Gaz lacrymogène à Tunis

Jeudi, la police de Calcutta a violemment réprimé une manifestation d’habitants de taudis de la ville qui ont été expulsés de leurs cabanes la semaine dernière à Nanadanga, dans le sud de la métropole. Nonadanga est la zone où les pauvres expulsés d’autres quartiers de Calcutta ont été réinstallés ces cinq dernières années en vertu d’un projet de services de base à destination des pauvres des villes. Ces projets de relocalisation ont été dirigé par la KMDA (Kolkata Metropolitan Development Authority) et le KEIP (Kolkata Environmental Improvment Project) qui possèdent les terrains de la zone, sans qu’aucun service ni aménagement de base (écoles, services de santé,…) pour les familles ‘relogées’ ne soient fournis. Au fil du temps, Nonadanga est également devenu l’endroit où de nombreuses autres familles, fuyant leurs villages en raison de mauvaises récoltes et de leur surendettement, se sont installées. Ce sont ces gens qui ont été expulsés la semaine dernière, leurs cabanes démolies et incendiées par la KMDA et la police, ceux-ci les qualifiant de ‘squatteurs’. La véritable raison derrière cette expulsion est que la terre occupée par les famille se situe à proximité d’un axe routier important et est récemment devenu la cible de promoteurs immobiliers. Afin de rendre cette terre disponible au développement, plus de 200 baraques ont été détruites au bulldozer et les biens de toutes ces familles brûlés.

Avant-hier, tous ces expulsés ont tenté de se rendre en cortège vers l’axe routier en question afin de protester contre leur éviction, mais la police les en a empêché avant de charger la foule avec des bâtons. Le rassemblement, comptant de nombreuses femmes et enfants, a été disloqué de manière brutale, les forces de l’ordre faisant beaucoup de blessés. Une femme enceinte a dû être hospitalisée, et un jeune garçon de trois ans a eu le crâne fracassé. De nombreux militants solidaires ont également été victimes de coups.

Quelques 10000 manifestants kurdes se sont réunis devant le Conseil de l’Europe à Strasbourg et on fait un sit-in appelant les institutions européennes à ouvrir les yeux sur la répression subie par le peuple kurde en Turquie et ailleurs en Europe. Ce rassemblement était également organisé en soutien des centaines de prisonniers politiques actuellement en grève de la faim pour exiger leur libération. Il est aujourd’hui impossible de donner le nombre exact de prisonniers politiques kurdes, mais il est estimé à des dizaines de milliers. Les grévistes appellent également à l’autonomie pour le peuple kurde et à la libération du leader du PKK, Abdullah Ocalan.

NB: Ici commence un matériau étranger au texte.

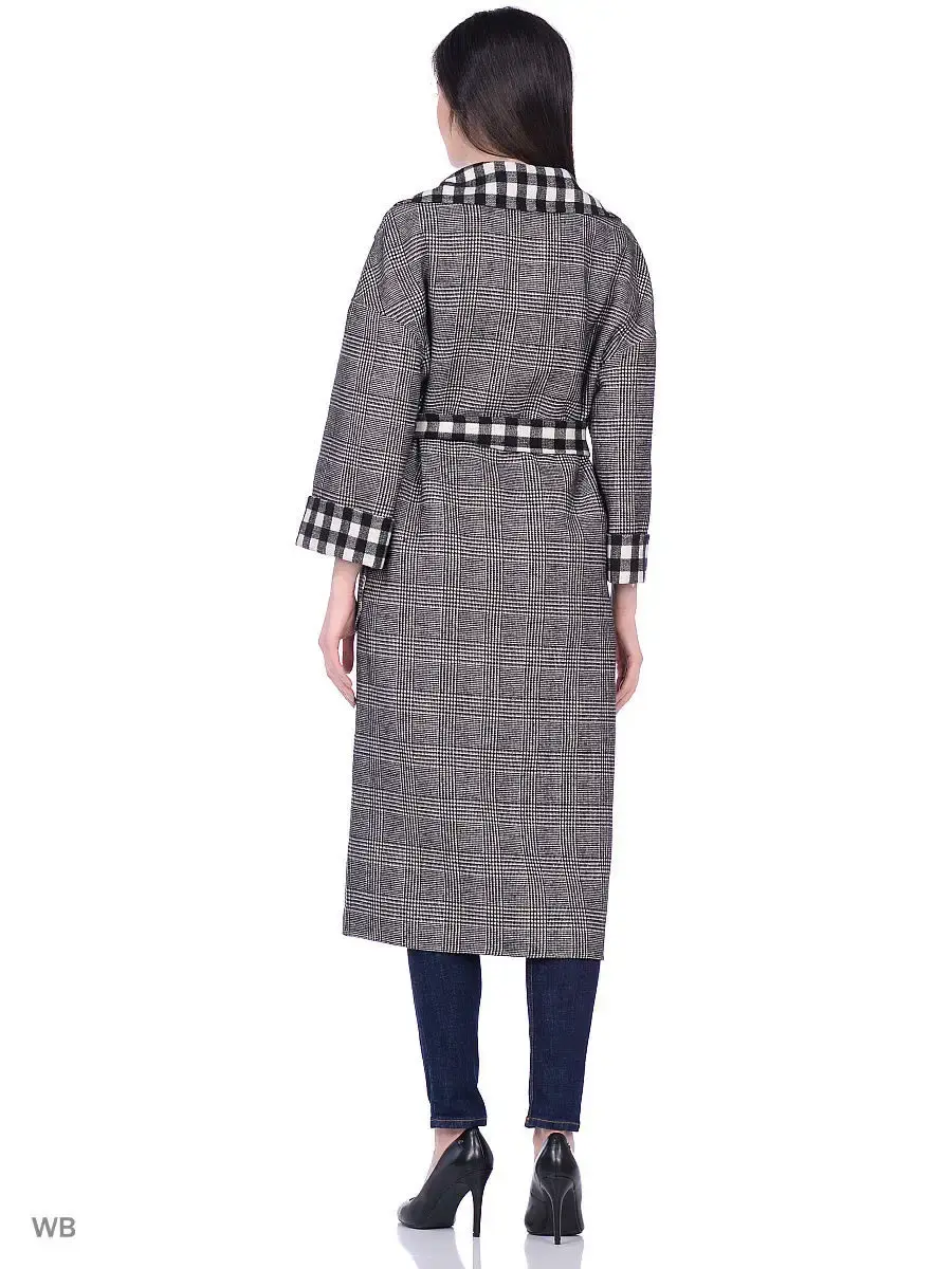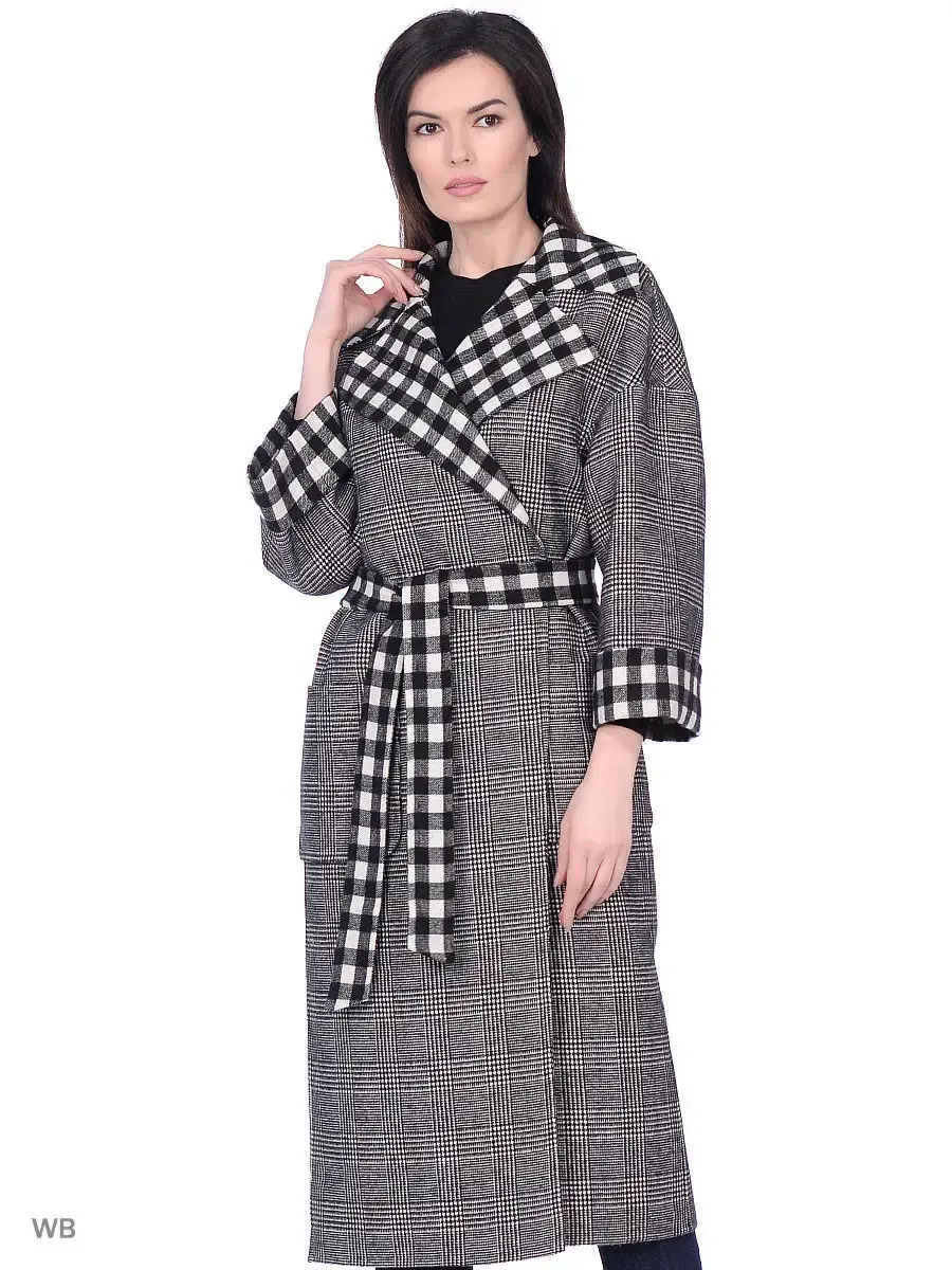 Пальто без подклада оверсайз длиной до середины икры из двусторонней шерстяной ткани. Втачной спущенный рукав с отворотом, английский воротник, накладные карманы, пояс из основной ткани.

Manifestation kurde à Strasbourg

Manifestation kurde à Strasbourg

Plus de 1500 personnes se sont rassemblées hier soir dans le centre d’Athènes pour rendre hommage à un retraité qui s’était suicidé plus tôt dans la journée dans le centre-ville, dénonçant la politique gouvernementale d’austérité et les ses conditions de vie suite à celles-ci. Rapidement, les forces de l’ordre ont encerclé la foule, entraînant des affrontements avec les manifestants. Ces dernières ont tiré des gaz lacrymogènes espérant disperser un groupe de manifestants qui a répliqué en leur lançant des pierres. Une dizaine de personnes ont été interpellées. Par ailleurs, deux journalistes ont dû être hospitalisés en début de soirée après avoir été brutalisés par les forces anti-émeutes. De nouveaux rassemblements devraient ce tenir aujourd’hui en début de soirée dans la capitale grecque.